Brian and Barry are snowed in on Christmas morning.

Notes:

Sorry this took so long, friends, life’s been totally crazy lately D: But anyway, happy new year, hopefully it’s better than last year was!

Work Text:

“Wait here.” I leave Barry and my slippers on the Go To Hell mat by the sliding door. “I already have to clean up after your little eggnog incident, I don’t want to have to steam the whole damn carpet when you leave, too.” I make my way to the bathroom to find a couple of towels that I roll into a ball and toss in his direction when I get back to the living room. His arms flail wildly in both directions but he doesn’t catch either.

“Noice!”

“You know what?” He laughs as he flips me off. I cross the room and pick up the closest towel on my way over.

“Here.” I hang the towel around his neck, just barely resisting the urge to use it to tug him close to me and kiss him. “So, tell me, Barry, was tonight’s behaviour brought on solely by the eggnog or have you wanted to kiss me before?”

“Shut the fuck up, Brian.” He scowls this time, all traces of humour gone from his face.

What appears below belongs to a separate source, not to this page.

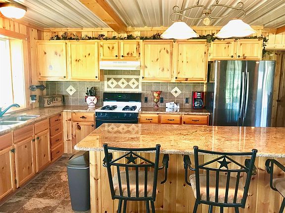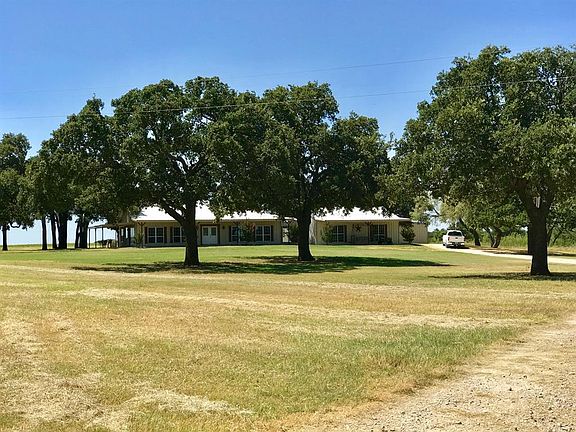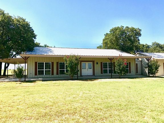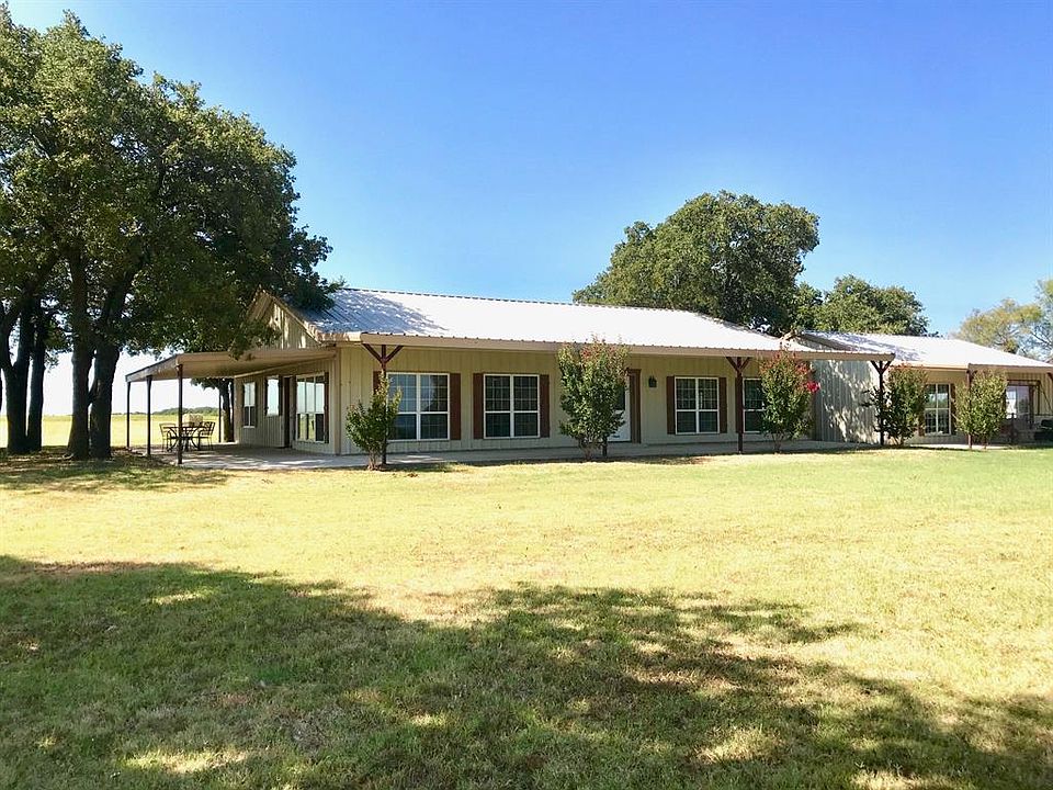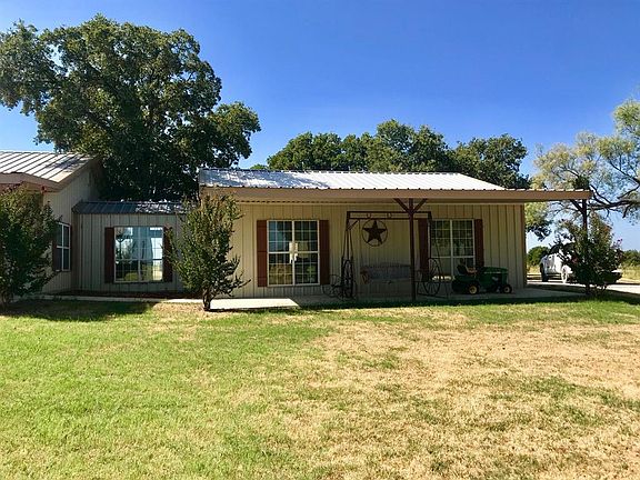 All metal home with wrap around porches, granite counter tops and a large island to gather around after a long day. Neutral toned home with tile throughout is nestled among Post Oak trees on a small hill & has a garage attached by an enclosed breezeway. Behind the house is a 2400 sq ft metal shop with a 1400 sq ft canopy on the West side for parking equipment, a set of cattle pens sits behind the shop. There are approximately 115 acres of Tifton 85 Bermuda grass for exceptional hay production & remainder of the acreage is pasture with native grasses, Mesquites and Oaks. There are 2 additional stock tanks on the place with a heavily wooded South end which makes for excellent hunting.

“Sorry, I’m not trying to be an ass. I’m genuinely curious.” I bend to get the second towel and help him dry his hair with it as he brushes the snow off his shoulders with the first.

“Oh.” He takes a deep breath through his nose. “It wasn’t just the eggnog. Honestly, I’ve been thinking about you,” He flushes. “I mean, I’ve been thinking about it for a while. Dammit, Brian, if you don’t stop looking at me like that, I swear!” He shakes his fist at me, but there’s no real threat behind it.

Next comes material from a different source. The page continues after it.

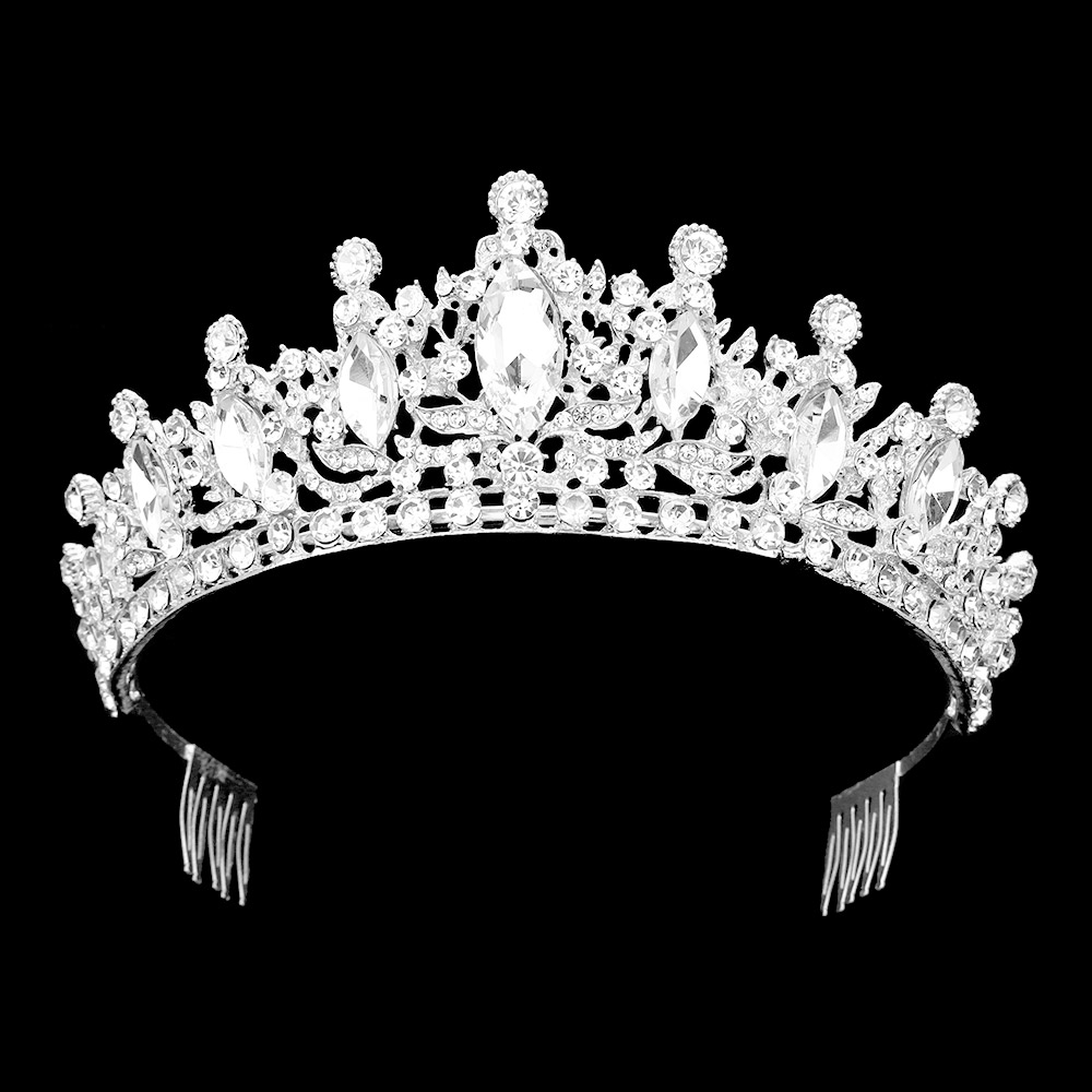 Marquise Stone Pointed Rhinestone Embellished Wedding Princess Tiara

“Like what, Barry?” The smug asshole part of my personality wants to tap dance around him and sing about how much he loves me, but I also don't want to fuck this up.

“Like you’ve got an ace up your sleeve, or like you know something nobody else knows.”

“I don’t have an ace up my sleeve, I’m just happy to see you.”

“God, I hate you.”

“I hate you, too,” I smile at him. “So, why the hell haven’t you said anything before now?” I take a few steps back to give him some space.

“I didn't think you'd feel the same way, and I just, I don't know, man, I didn’t want to risk fucking up another one of the best friendships I have.” He doesn't look at me, carding his fingers through his hair.

“Oh my god, really, Barry?” I can’t believe this kid. I didn’t think I’d been that subtle about my feelings for him, and I know he’s not that dense.

“Which part are you giving me shit for now?” He crosses the room and makes himself comfortable on the couch again, looking up at me expectantly.

“Both. I thought you’d have picked up on the fact I like you months ago, but mostly I’m flabbergasted by the part where you think our friendship is fragile enough to be destroyed that easily. If you had said something and I didn’t feel the same way I’d have been honest and we could have moved on.” I shrug and sit next to him.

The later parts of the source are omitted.